= Problem to solve =
Copy each line of the records exactly, stopping only after the line that contains "本网讯 2022年6月8日,2021级中" has been written, and leave pictures out.

◆ ◆ ◆ ◆ ◆

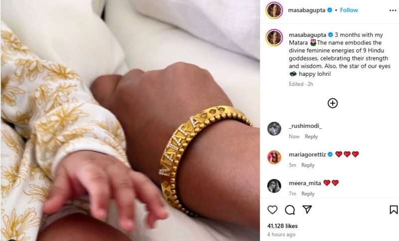 फोटो में मसाबा ने एक सोने का कंगन पहना हुआ है, जिस पर 'मतारा' लिखा है. उन्होंने इस तस्वीर के साथ लिखा कि वे अपनी 'मतारा' के साथ तीन महीने पूरे कर चुकी हैं. 'मतारा' नाम का मतलब उन्होंने 9 हिंदू देवियों की दिव्य स्त्री ऊर्जा से जोड़ा, जो शक्ति और ज्ञान का प्रतीक है. उन्होंने इसे अपनी बेटी के लिए इस्तेमाल करते हुए उसे अपनी आंखों का तारा बताया. वहीं, उनकी बेटी का नाम और उसका मतलब जानने के बाद फैंस भी अपनी खुशी जाहिर कर रहे हैं.
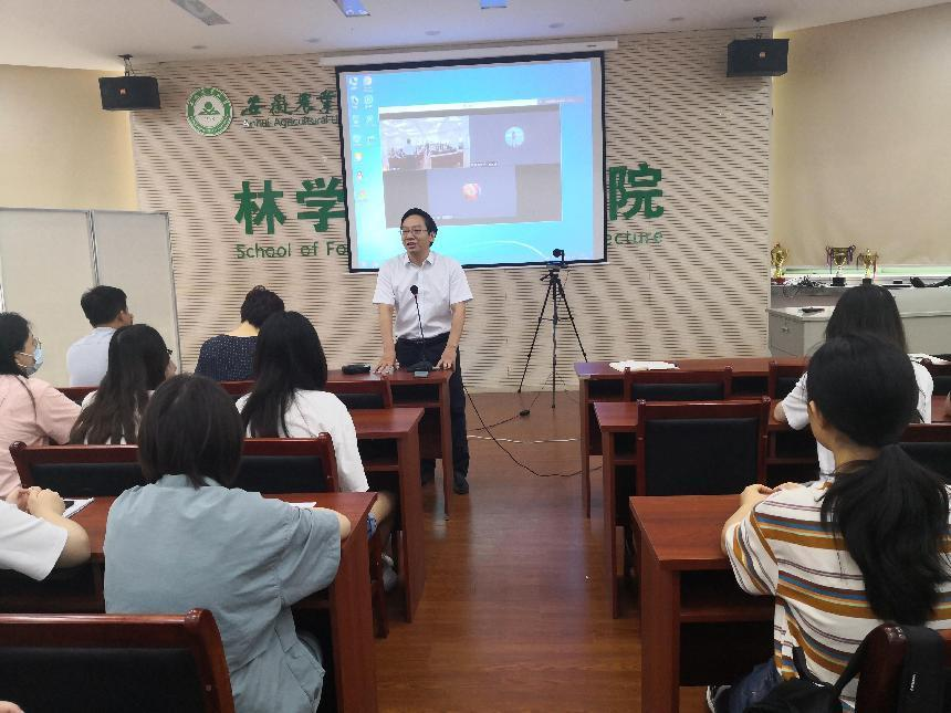 本网讯 2022年6月8日,2021级中外林学(3+1)专业学习动员会在林学与园林学院二楼报告厅举行。林学与园林学院院长刘盛全、副院长张龙娃、国际交流合作处副处长张文静、林学系主任王滨、林学系专业教师万芳芳博士、张艳萍博士、21级中外林学班主任岳兴程及全体同学参加了动员会。动员会由林学与园林学院副院长张龙娃教授主持。
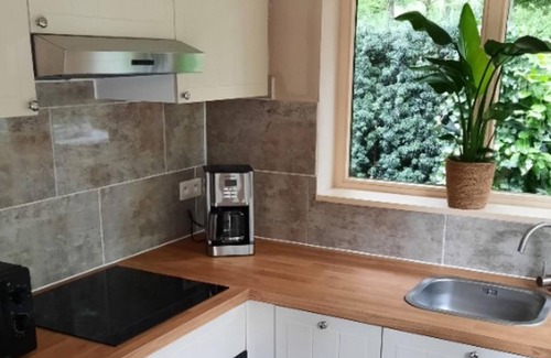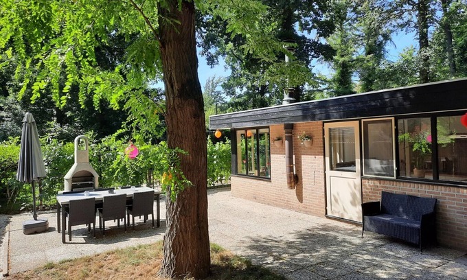 This accommodation is located in bungalow park Sonnevijver, a stone's throw from the historic town of Maastricht, in a green municipality full of beautiful nature reserves. It is very suitable for holidays with the family. From the bungalow park you can enjoy walking and cycling, for example through the Hoge Kempen National Park. The vast heathlands, numerous forests and romantic castle parks of Lanaken are major attractions in the region. You can kayak on the Maas, ski in SnowWorld, shop at the designer outlet Maasmechelen Village and go out for dinner in cozy Maastricht, Genk or Hasselt. The residence was completely renovated in 2022 and has a fully enclosed garden of 500 m² where the dogs can roam freely. In the garden you will find a jeu de boules court, a comfortable lounge set and a spacious dining table. Indoors you have WiFi, Netflix and various board games. Close the day with a relaxing bubble bath.
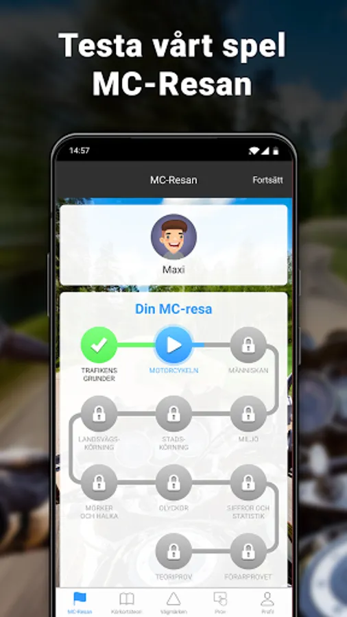 iKörkort MC makes studying for a driver's license easier and more fun and makes your path to the motorcycle license shorter and cheaper. Skip boring books and expensive theory lessons and play your way through driver's license theory instead - whenever you feel like it, wherever you are!
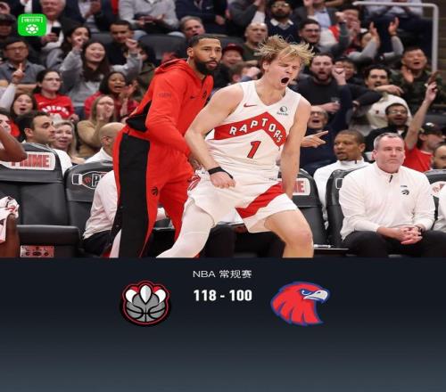 第一节猛龙斯科蒂-巴恩斯拿下9分,老鹰波尔津吉斯拿下5分,首节战罢猛龙31-26领先老鹰 第二节猛龙格雷迪-迪克拿下9分,老鹰杰伦-约翰逊拿下9分,半场结束猛龙61-49领先老鹰 第三节猛龙马穆凯拉什维利拿下6分,老鹰里萨谢拿下9分,第三节结束猛龙86-73领先老鹰 第四节猛龙RJ-巴雷特拿下12分,老鹰戴森-丹尼尔斯拿下8分,最终猛龙118-100战胜老鹰
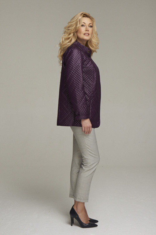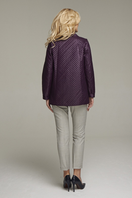Жакет из стеганного двухстороннего полотна, свободного кроя с застежкой на скрытую молнию. Воротник стойка украшает бабочка цвета розовое золото. Удобные карманы расположены в вертикальных рельефах. Длина по спинке 70 см., длина рукава 64 см.

◆ ◆ ◆ ◆ ◆

= Response area =
 फोटो में मसाबा ने एक सोने का कंगन पहना हुआ है, जिस पर 'मतारा' लिखा है. उन्होंने इस तस्वीर के साथ लिखा कि वे अपनी 'मतारा' के साथ तीन महीने पूरे कर चुकी हैं. 'मतारा' नाम का मतलब उन्होंने 9 हिंदू देवियों की दिव्य स्त्री ऊर्जा से जोड़ा, जो शक्ति और ज्ञान का प्रतीक है. उन्होंने इसे अपनी बेटी के लिए इस्तेमाल करते हुए उसे अपनी आंखों का तारा बताया. वहीं, उनकी बेटी का नाम और उसका मतलब जानने के बाद फैंस भी अपनी खुशी जाहिर कर रहे हैं.
 本网讯 2022年6月8日,2021级中外林学(3+1)专业学习动员会在林学与园林学院二楼报告厅举行。林学与园林学院院长刘盛全、副院长张龙娃、国际交流合作处副处长张文静、林学系主任王滨、林学系专业教师万芳芳博士、张艳萍博士、21级中外林学班主任岳兴程及全体同学参加了动员会。动员会由林学与园林学院副院长张龙娃教授主持。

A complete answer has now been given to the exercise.